Known dependency factor 1 – Rotamer • They tried to change the DNA sequence of the wildtype GCG to ACG, CCG, AAG, and CAG • We try to see if a program that can change the side chains of the TF to conform to the new DNA sequence can approximate the change in the binding energy. • We tried FoldX – it does rotamer checks-not sure if it is optimal.
Known dependency factor 1 – Rotamer • However, the rotamers that FoldX predict does not coincide with the diagrams. • Either FoldX is not optimal, or the homology modeling done in the paper is not accurate. • But given the close agreement on the predicted and experimental difference in the binding affinity, most probably they are (more) correct. • I am still checking on that.
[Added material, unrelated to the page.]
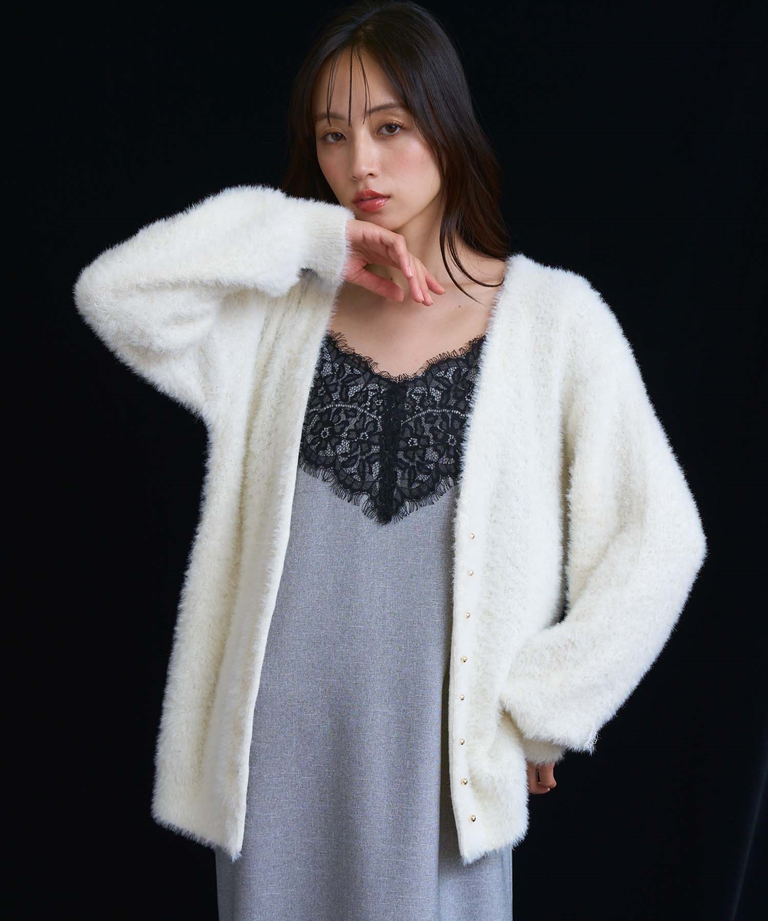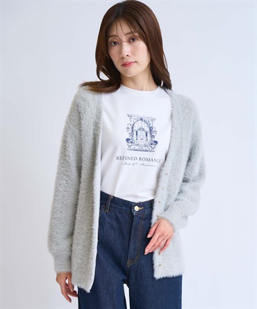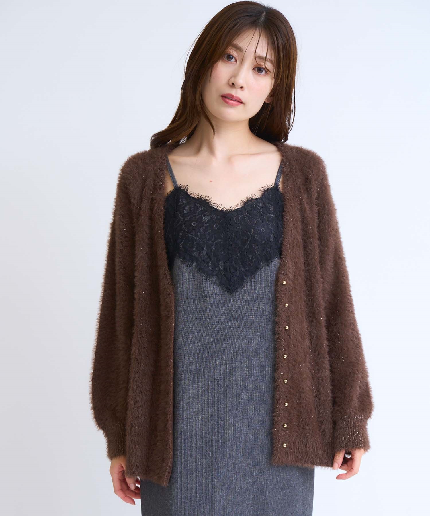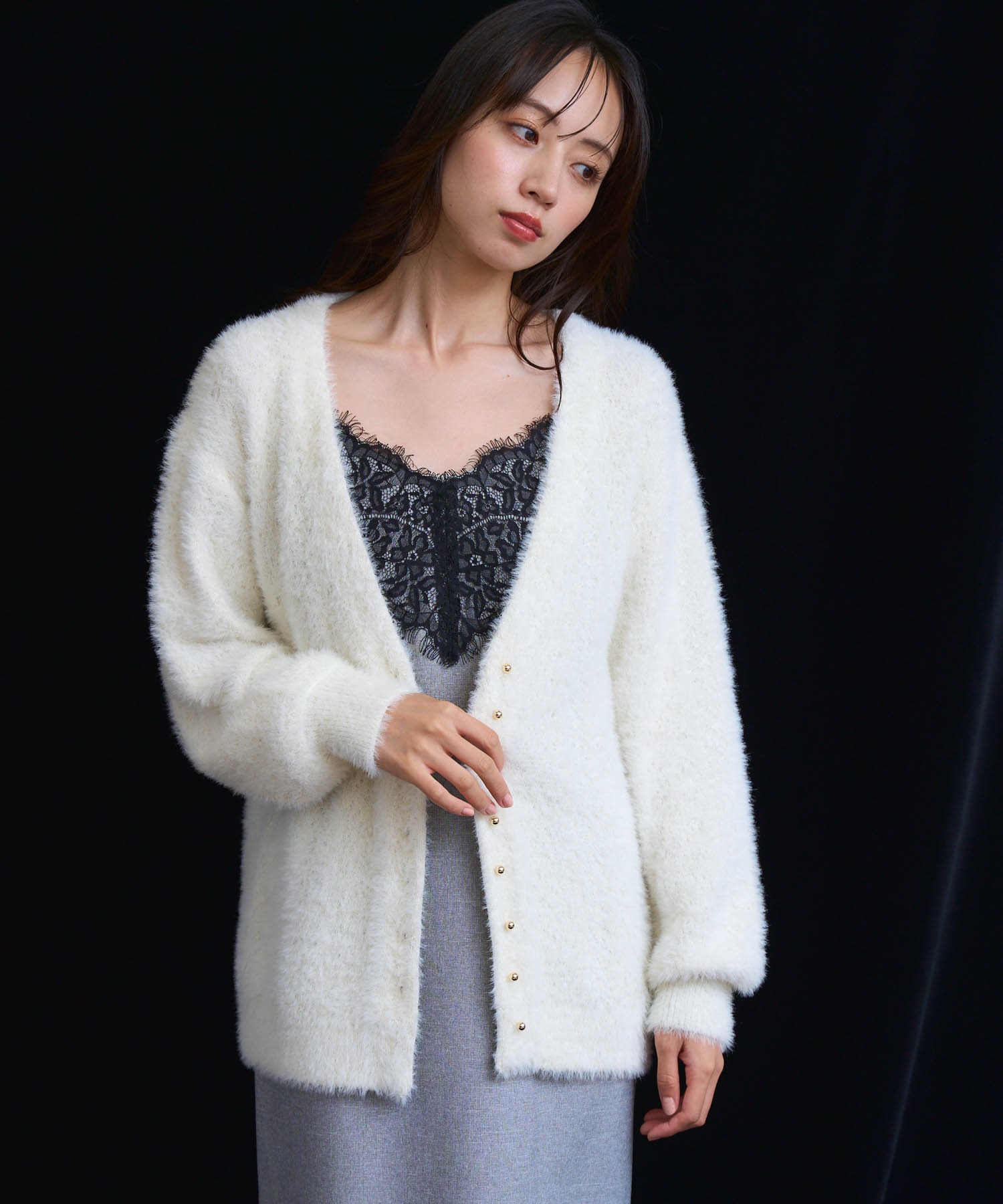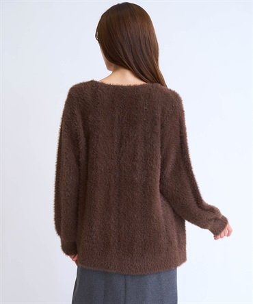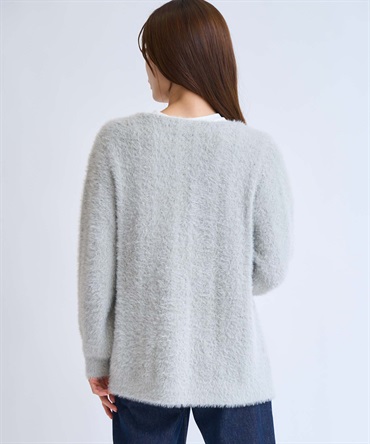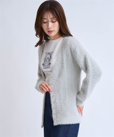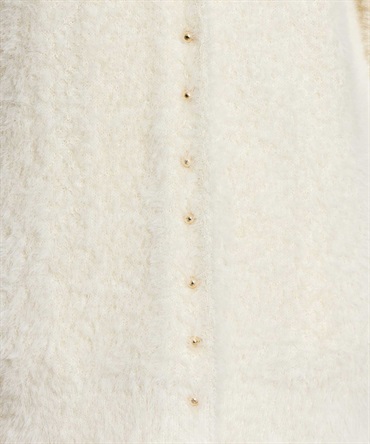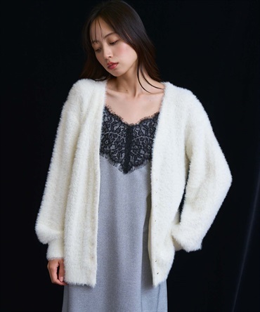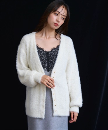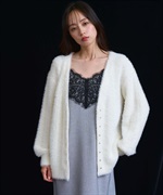 フェザーとラメ糸を織り交ぜた、華やかな表情のカーディガン。

Known dependency factor 2 – Water • The thing that is explicitly computed in the NAR paper are the solvation penalties (the circles, rectangles and triangles in the diagram). • They claim that the water mediated H-bonds are not that crucial. • We can see that FoldX does compute hydration to a certain extent. Yet the rotamer search may not be good enough.
Known dependency factor 3 – DNA flexibility • DNA are not a rigid rod.
Known dependency factor 3 – DNA flexibility • G-C will have higher roll angle – making it less stable (weaker stacking energy) and easier to “open”. • There are several work showing that different dinucleotide steps have different bending and twisting energy.
Known dependency factor 3 – DNA flexibility • TATA binding protein actually binds TATA not because it generates the best binding energy • The bindings are mostly non-specific.
Conclusion • Up to now, the 3 factors are the known/most probable factors of DNA dependency. • The challenge would be to combine all these into one scoring function that is simple enough to run on large dataset.